Conference: ACL 2025 (Long Paper)
Code: HuggingFace
Area: Multimodal VLM / Video Understanding / Efficient Inference
Keywords: Long Video Understanding, Shot-adaptive Frame Pruning, Hierarchical Attention, Shot Detection, Sparse Attention

TL;DR

Proposes the Sophia model to handle hour-scale long videos: accurately selects query-relevant frames via Shot-adaptive Frame Pruning (a two-stage frame pruning based on shot segmentation), and replaces full attention with Hierarchical Attention of \(O(N)\) complexity. It achieves state-of-the-art (SOTA) performance on 6 out of 8 long video benchmarks, while requiring only 1/8.5 of the attention FLOPs compared to InternVL2.

Background & Motivation

Triple Challenges of Long Videos: (1) Context length overflow—a 10-minute video sampled at 2 fps amounts to 1200 frames, generating tens of thousands of visual tokens; (2) Massive memory consumption—the KV cache of standard quadratic attention requires 70GB+ at 128 frames; (3) Prohibitive computational complexity—full attention FLOPs grow quadratically with the number of frames.

Limitations of Prior Work: Existing approaches either compress the token count per frame (e.g., spatial pooling in LLaVA-OneVision), sacrificing spatial details, or apply uniform temporal segmentation, which discards substantial segments and ignores the temporal non-uniformity of events/shots in videos. LongVU selects frames based on DINOv2 feature clustering, but fails to leverage query information for targeted filtering.

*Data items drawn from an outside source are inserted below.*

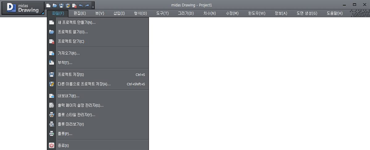 | 프로젝트 열기(O) | 기존 도면 파일을 엽니다. |
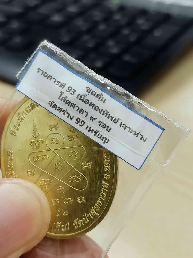 วัดใจ 100 เหรียญสร้างบารมี หลวงปู่คีบ ธีรปัญโย วัดป่าสุทธาวาส จ.นครพนม 2567 ทองทิพย์เจาะห่วง โค้ดศาลารอบ หมายเลข 52 สร้าง 99 กล่องเดิม
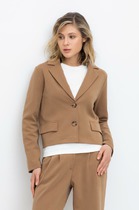 Жакет с центральной застежкой на петли и пуговицы, с втачным воротником с отрезной стойкой, с V-образным вырезом горловины. По переду с рельефами, выходящими из плеча до низа. Низ жакета фигурный. По рельефам переда- разрезы. Спинка со средним швом, рельефами, выходящими из плеча до низа.
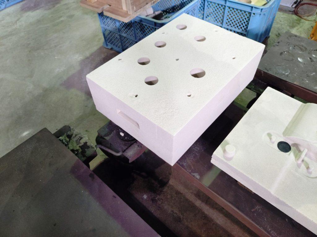 ですのでCo2型と比べてランニングコストが安く、更に硬化性の砂なので高精度で複雑形状の鋳物や大型の鋳物の生産にも向いています。
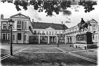 Black & White uitvoering van het Paleis Noordeinde. Het is nog rustig, zonder verkeer en mensen.
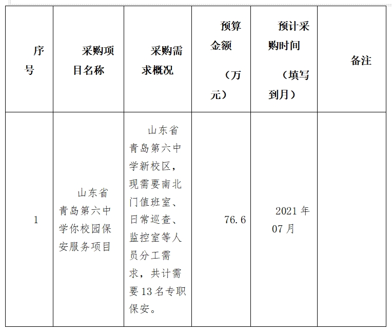 為便于供應(yīng)商及時了解政府采購信息,根據(jù)《財(cái)政部關(guān)于開展政府采購意向公開工作的通知》(財(cái)庫〔2020〕10號)等有關(guān)規(guī)定,現(xiàn)將 山東省青島第六中學(xué) 2021年 06(至)08 月采購意向公開如下:
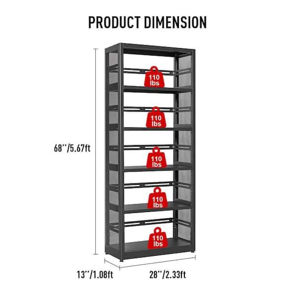 5-Tiers Metal Adjustable Garage Storage Shelving Unit in Black (28 in. W x 68 in. H x 13 in. D)
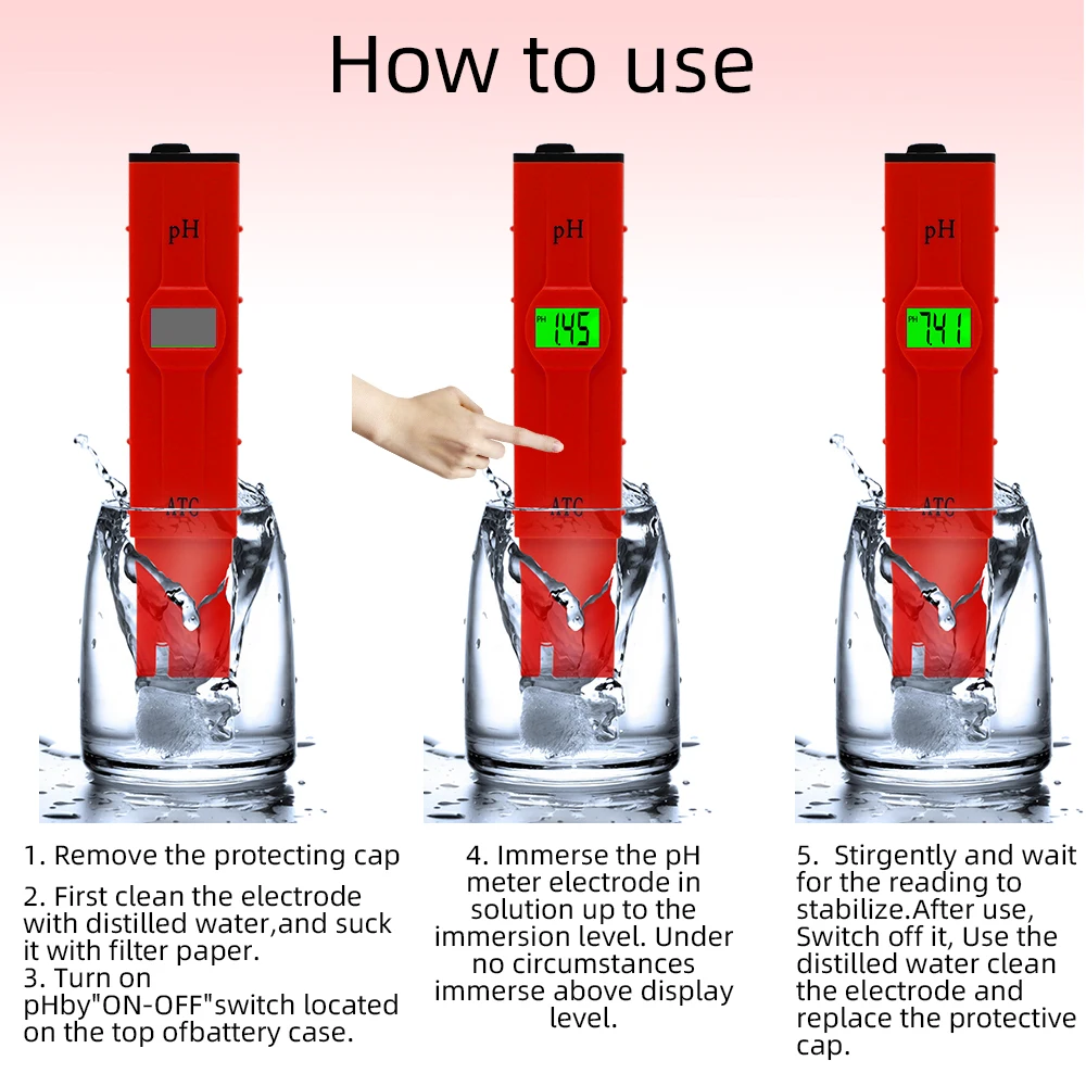 Этот цифровой измеритель pH в стиле ручки является идеальным инструментом для аквариума, рыболовной промышленности, бассейна, школьной лаборатории, продуктов питания и напитков и т. д.
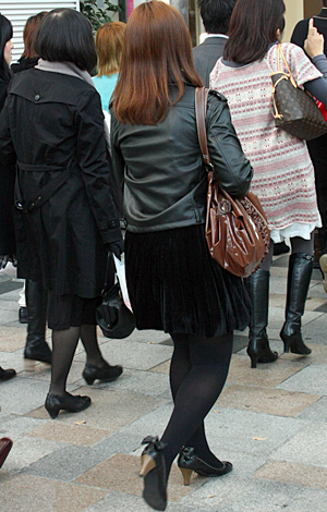 ボトムスが黒い色のものを着用している人すべて。スカート、パンツなどデザインや素材は問わない。

Key Insight: Videos possess a natural structure—shot transitions. Leveraging this structure for two-level pruning (filtering shots first, then removing redundant frames) aligns better with video semantics than uniform segmentation or unstructured clustering. Meanwhile, frame-to-frame attention can be replaced with a hierarchical structure (intra-frame local + inter-frame global) instead of full connections, theoretically guaranteeing an information propagation distance of \(O(1)\).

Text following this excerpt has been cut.